Intersection of Two Arrays [LeetCode Top Interview Questions Series]

One way to solve this problem is to use a hash set to store the elements of one of the arrays and then use a loop to check if each element of the other array is in the hash set. If it is, we add it to the result and remove it from the hash set so that we don’t count duplicates.

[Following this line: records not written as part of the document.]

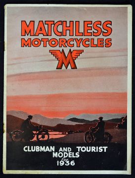 Matchless Motor Cycles 1936 Sale Catalogue 44-45 Plumstead Road, Woolwich, London SE 18. CLUBMAN AND TOURIST MODELS FOR 1936, an impressive 12 page sales catalogue illustrating and detailing with prices 9 different models of their machines. Ranging from £39.10s. for 250cc to £69.10s for their 990 Twin Engined Tourist Model, in good clean condition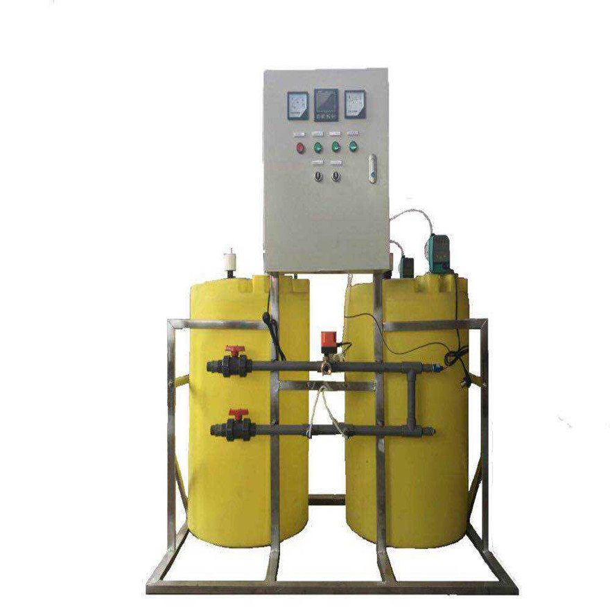全自動加藥裝置采用機電一體化的結構形式,從安裝上可分為固定式和移動式(推車式)。每種形式的加藥裝置均配有攪拌系統、加藥系統和自動控制系統。按需要將定量的藥劑放入攪拌溶液箱內進行攪拌溶解,溶解完畢后再通過計量泵送至投加點的工作過程,加藥量的大小可自由任意調節,以滿足不同加藥量的場所。水處理加藥裝置。在水處理過程中向自來水、廢水、污水中加藥。主要用于有關給排水處理、環保等工藝流程。如自來水廠、賓館、飯店、游泳池、污水處理廠等。
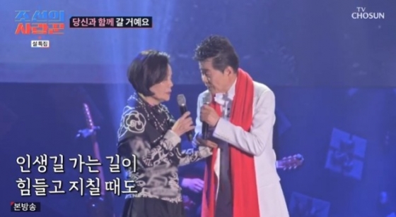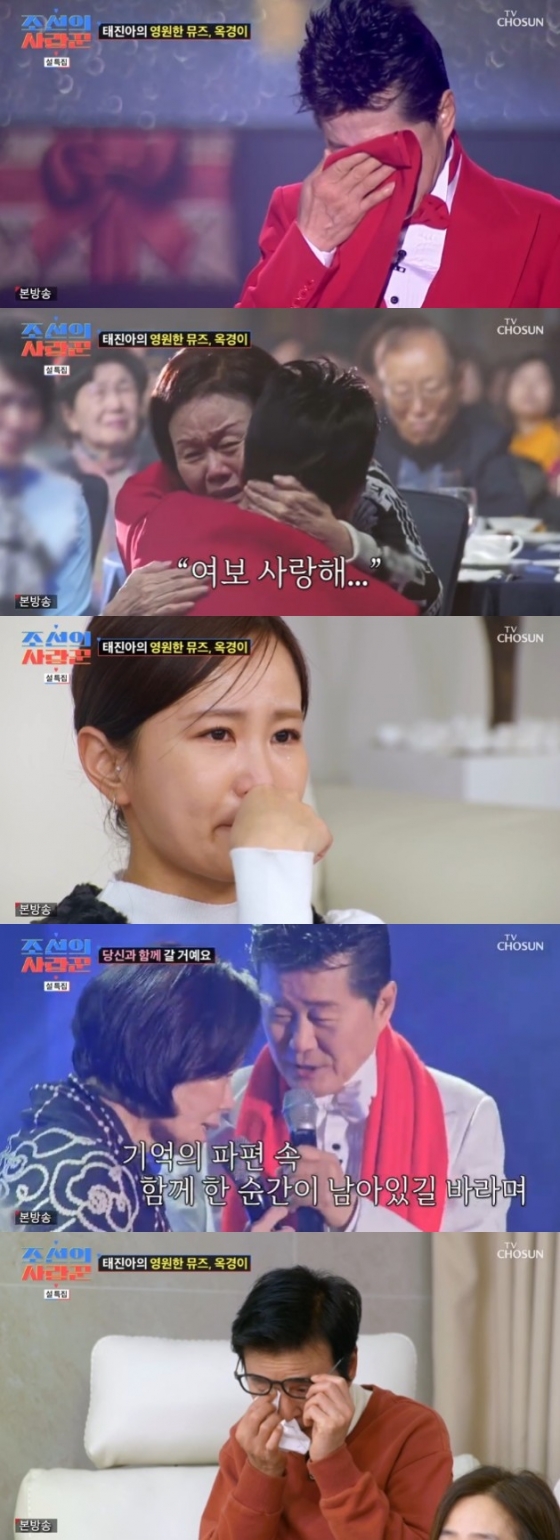 가수 태진아가 치매에 걸린 아내 옥경이와 듀엣 무대를 꾸며 보는 이들을 눈물 짓게 했다.

Here’s an example implementation in Java:

public class Test {

    public static void main(String[] args) {
        int[] nums1 = {4,9,5};
        int[] nums2 = {9,4,9,8,4};
        Map<Integer, Integer> map = new HashMap<>();
        for (int num : nums1) {
            map.put(num, map.getOrDefault(num, 0) + 1);
        }
        List<Integer> result = new ArrayList<>();
        for (int num : nums2) {
            if (map.containsKey(num) && map.get(num) > 0) {
                result.add(num);
                map.put(num, map.get(num) - 1);
            }
        }
        int[] res = new int[result.size()];
        for (int i = 0; i < result.size(); i++) {
            res[i] = result.get(i);
        }
        System.out.println(res);
    }
}

In this implementation, we first use a HashMap to store the elements of the first array nums1 and their count. Then, we loop through the second array nums2, and if the current element is in the HashMap and its count is greater than 0, we add it to the result list and decrease its count in the HashMap. Finally, we convert the result list to an array and return it.

The time complexity of this solution is O(m + n), where m and n are the number of elements in nums1 and nums2, respectively, since we need to examine all the elements in both arrays. The space complexity is O(min(m, n)), since the size of the HashMap and the result list is proportional to the size of the smaller array.